The Shi’a of Iran, like their neighbours in Turkey and Central Asia, say ensoulment happens at 4 months – or sometimes 4 and a half. In fact, the abortion laws of Iran were ‘liberalised’ after the Islamic revolution. They were stricter under the Shah!

So there doesn’t seem to be any point in working towards a global caliphate. Depressed now.

7 comments:

Jenny said...

This is something I should know, know I have been told in several seminars, and could easily look up...but can't be bothered, so...

What about foetal cord blood? There a a few neurons firing that say they are a good source of stem cells. How differentiated would they be compared to "adult" stem cells? If less so, would they be a poorer source, or are they some happy medium with great potential?

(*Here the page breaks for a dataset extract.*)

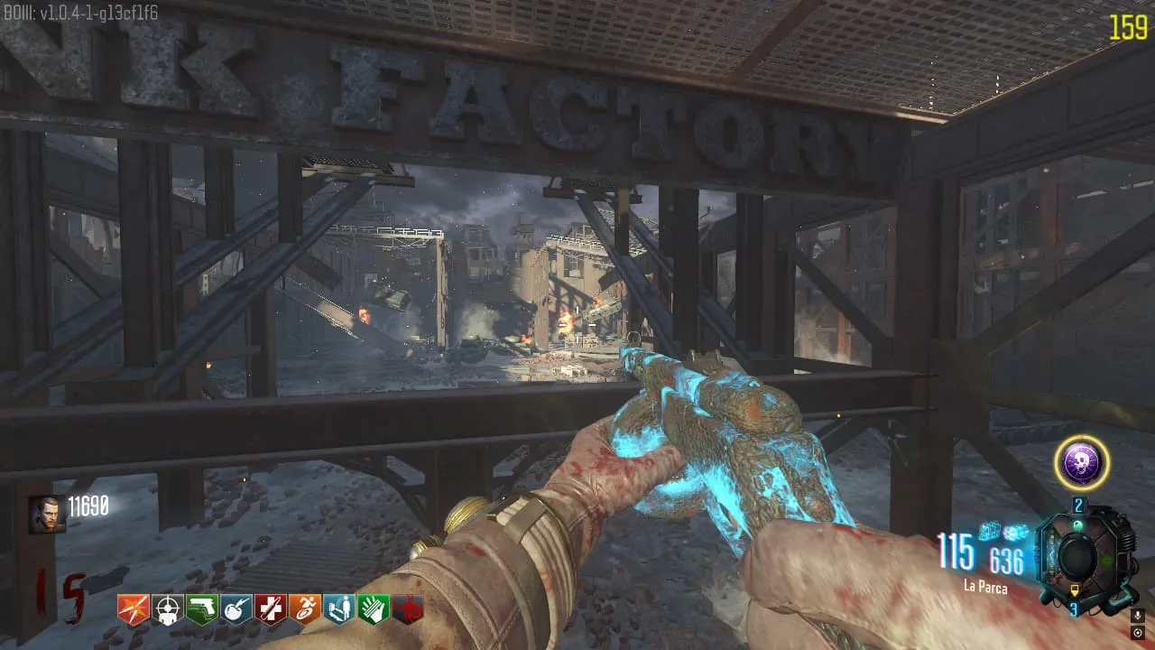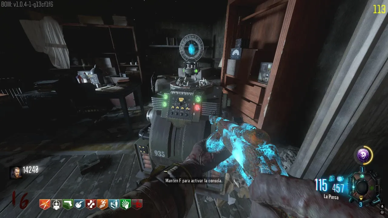 - Todos los jugadores que haya en la partida deben dirigirse a la zona del Pack-A-Punch y deben interactuar al mismo tiempo con la terminal que queda el piso superior.
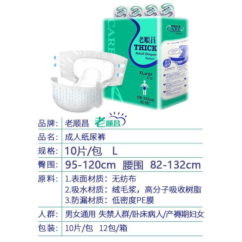 天猫老顺昌成人纸尿裤老人用加厚型尿布湿大号尿不湿一次性尿片尿垫L

I'm only asking on the basis that Graham Parker may have talked about it and you might have the answer at the forfront of your mind, rather than the dim recesses of mine.

Dr. Clam said...

Fetal cord blood seems to be a source of 'adult' stem cells- it is the source of the haematopoietic and mesenchymal cells he is playing with.

Marco said...

What do you mean there is no point in a global caliphate? There is still sense in the concept as you understand it regardless of the current liberal interpretations of moral laws within the religious establishment.

Dr. Clam said...

But you were the one trying to convince me economic development would be stifled under a global caliphate, Marco! The negative impact of this is only worthwhile if balanced by a Catholic or Orthodox degree of rigour in value-of-human-life issues.

Marco said...

My point was more - economic development would be stifled by a high degree of rigour in the anti-abortion stance. Having a second look at it in terms of my reference Islamic "caliphate". Interpretations of Islam may be flexible enough to allow economic freedoms and competition while still having moral oversight. It may even be competitively superior in some ways.

Dr. Clam said...

I still don't agree at all with your interpretation of the Economist article. All it tell us is that children who are unwanted are *at risk* and can impact negatively on the economy if there is no intervention. Under a Caliphate where unwanted children are identified early and inducted into the Mahdi's fedayeen, they will be economically useful as the conquerors of the rich but godless kafir world.

Marco said...

Let me try another tack. This other article Cupidity mentions four competing yet incompatible models for the economy of the baby "industry". Which do you subscribe to and how would the caliphate fit into a world with other models in play? Could desparate parent wannabe's travel there to buy a spare to make profit for the Mahdi? Could desparately poor parents sell their babies for cash they need to feed their macadamia nut habits? Could parents whose children are in the mujahideen's army change their mind and get them back? Could youngsters have unprotected sex with gay abandon because the fedayeen would foot the bills for any resulting children and forced sterilisations? What happens if the burden of dependants overwhelms the system? Or the opposite - if youngsters become risk averse and birth rate drops through the floor? What cracks first?